Secrets of GPT Input Tokens: The Way HTML Impacts Costs

Are you curious about how AI systems efficiently gather mountains of information while minimizing operational costs? Let’s explore an interesting strategies involving web content.

1. Teaching GPT on The Go: In-Context Learning

GPT is great for chatting and understanding a wide range of topics, almost like talking to a human. But when it comes to giving out information, it’s not perfect. It only knows what it’s been previously fed, without any built-in knowledge. That’s where in-context learning (ICL) steps in. ICL lets the GPT learn new stuff while it’s being used, without changing how the model fundamentally works. In simple terms, you can give GPT new information in the prompt, and then ask it a question based on that information. This means GPT doesn’t just rely on what it was trained on; it can use new info to answer questions. This makes its answers more accurate and trustworthy, and it helps avoid making up stuff that isn’t true.

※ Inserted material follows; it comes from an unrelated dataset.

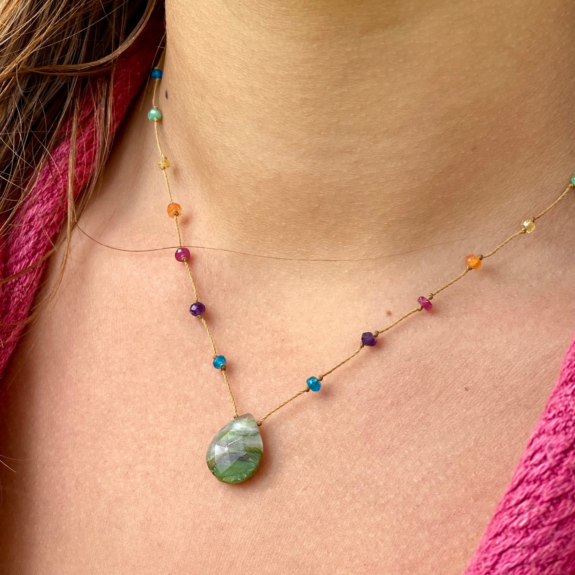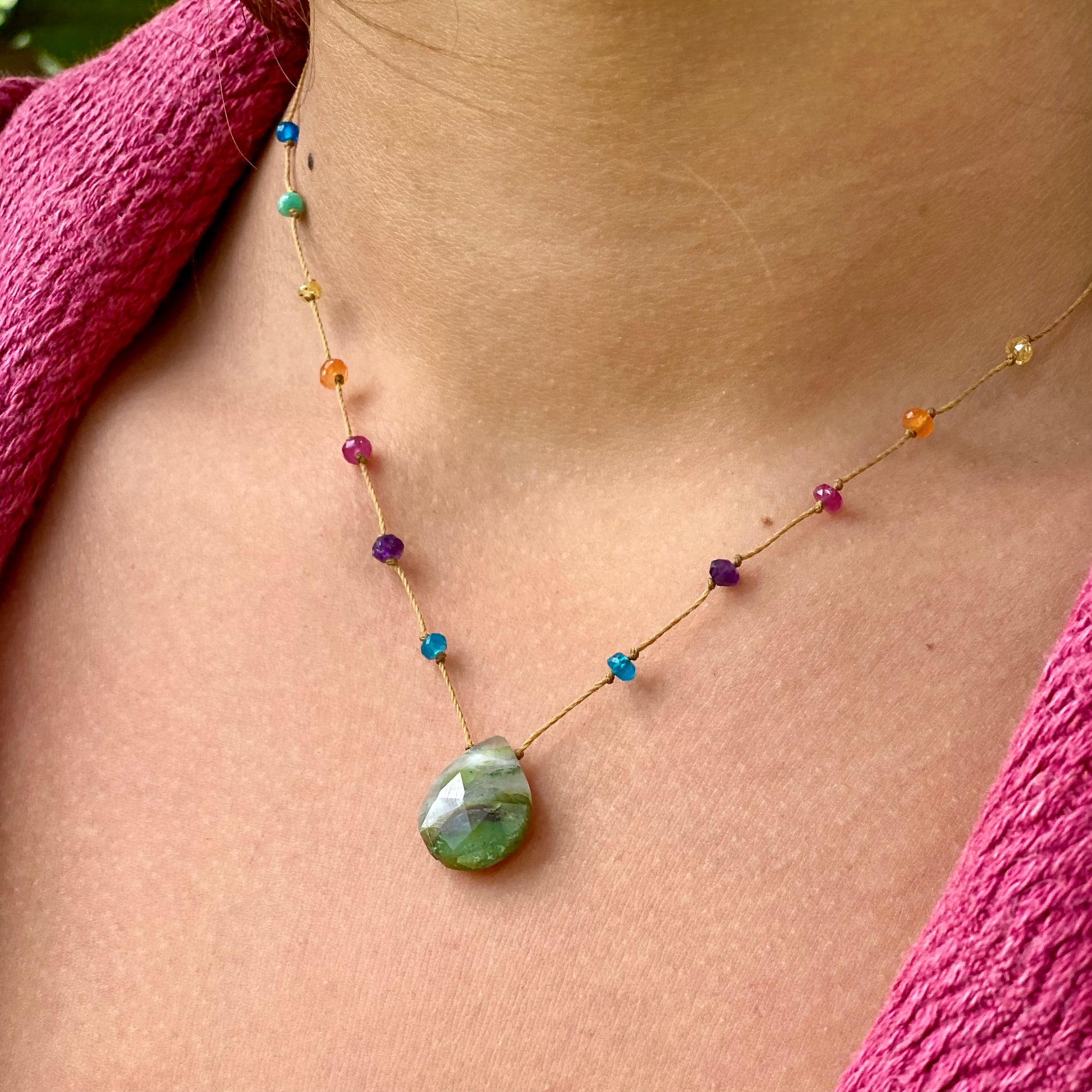 Perhaps the quintessential beginning of Rainbow Gems Kauai, our rainbow drops have been adorning people for over a decade. These delicate rainbow drops showcase the full light spectrum with carefully spaced individual gemstones, culminating in a featured crystalline drop. Just as rainbows herald new beginnings and luck these exquisite strands are the perfect place to begin your love affair with Amalia’s artwork. Many find that once they put on their rainbow drop they never take it off again, such is the nature of love. These strands are perfect for the minimalist at heart and make a striking impression stacked in a series with our other collections.
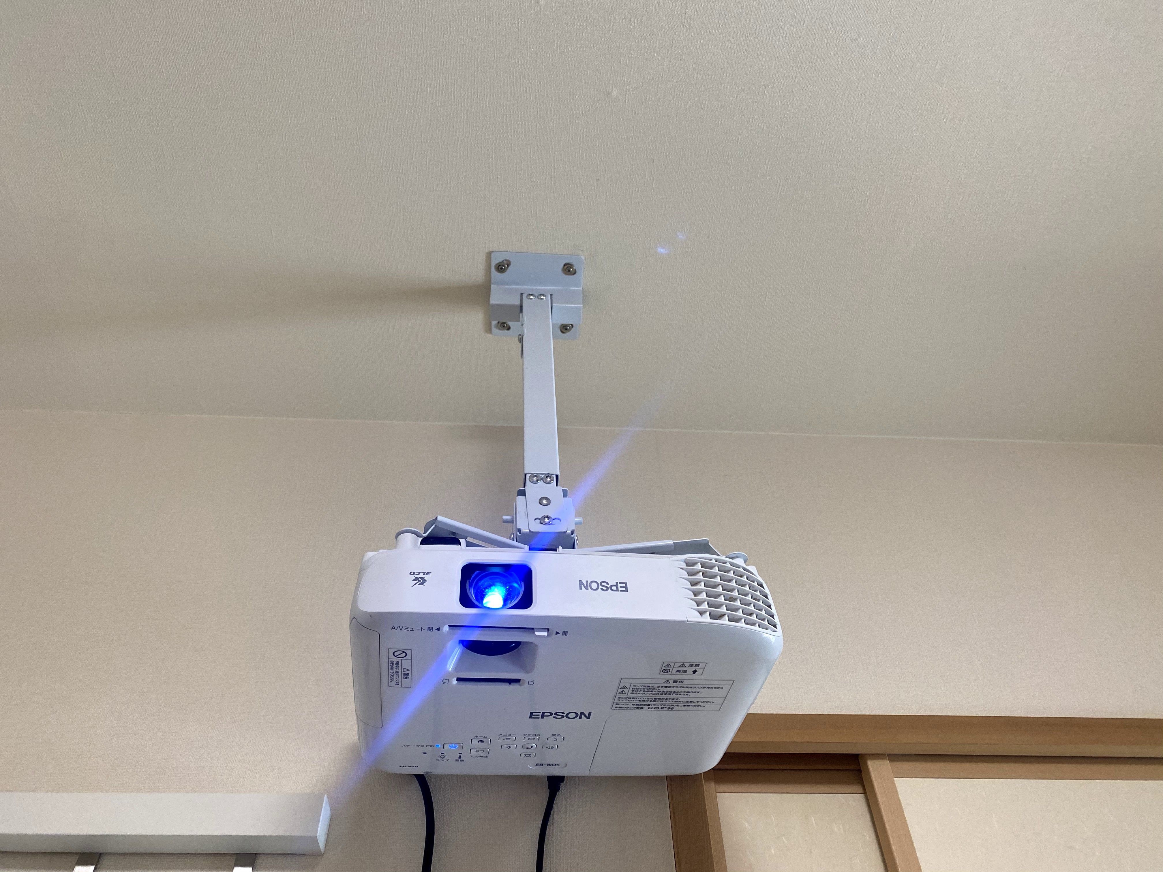 <重要事項> 取り付け方法の続き前回は天井にプロジェクターを吊るす所まで説明したと思いますので、その続きを記載します。(前回の状態) ![]() 天吊りアーム部分が長すぎるので、アーム横部にある調整金具を六角レンチで丁度良い高さに調整し、プロジェクタの角度もアーム下部にある調整金具のネジを締めて調整します。 ![]() うんうん、良い感じになりました! 実際に最初に投影したのが以下の状態です。 ![]() やはり逆さになりますよね…。台形もぐちゃぐちゃだし。 昼間に部屋の照明をつけていたので若干暗いですが、あとはプロジェクタ本体の逆さ補正と台形補正を行います。 ![]() 大体80インチ相当まで表示する事が出来ました。 因みに部屋の照明を消し、Googleを表示した状態が以下になります。 ![]() いやー、充分明るく奇麗になりました! しかも今までテーブル設置していたので邪魔だったのが解消され、熱風も受けなくなりました! 欲を言うと、壁紙に投影ではなく、スクリーンに投影したいですね。。。 (しかも出来れば電動のもの。。。値段が高いでしょうけど…) 電動でなくて常設なら、1万円台の価格で買えそうなのに。。。 しかも我が家のスクリーンにしている壁はモルタル(コンクリート)なので、振動ドリルなどを利用した工事が必要になるので、暫くは諦めます。。。 あとはBluetoothのバースピーカーを投影先下部に設置して、ホームシアターの完成です! これで思う存分、Amazon Primeビデオが見放題です! テレビを見たい方には、地デジTVチューナーをパソコンに接続してご利用するのがおススメです。 ⇒PCのHDDに録画予約も可能です。 ホームシアターを検討されている方で、お安く構築を希望される方にはPCを利用した上記の様な方法もおススメです。 長くなりましたが、お読み頂き有難うございました! お気に入りの記事を「いいね!」で応援しよう

This is why numerous prompting techniques, including web search and web append into the prompt (such as Retriever-Augmented Generation or RAG), have become increasingly important. These techniques are designed to expand the knowledge base of GPT beyond its initial training data. By integrating web search, GPT can access and utilize real-time, updated information from the internet. When a query is made, the model retrieves relevant information from the web, which it then appends to the prompt. This process significantly enhances the model’s ability to generate responses that are not only relevant but also current.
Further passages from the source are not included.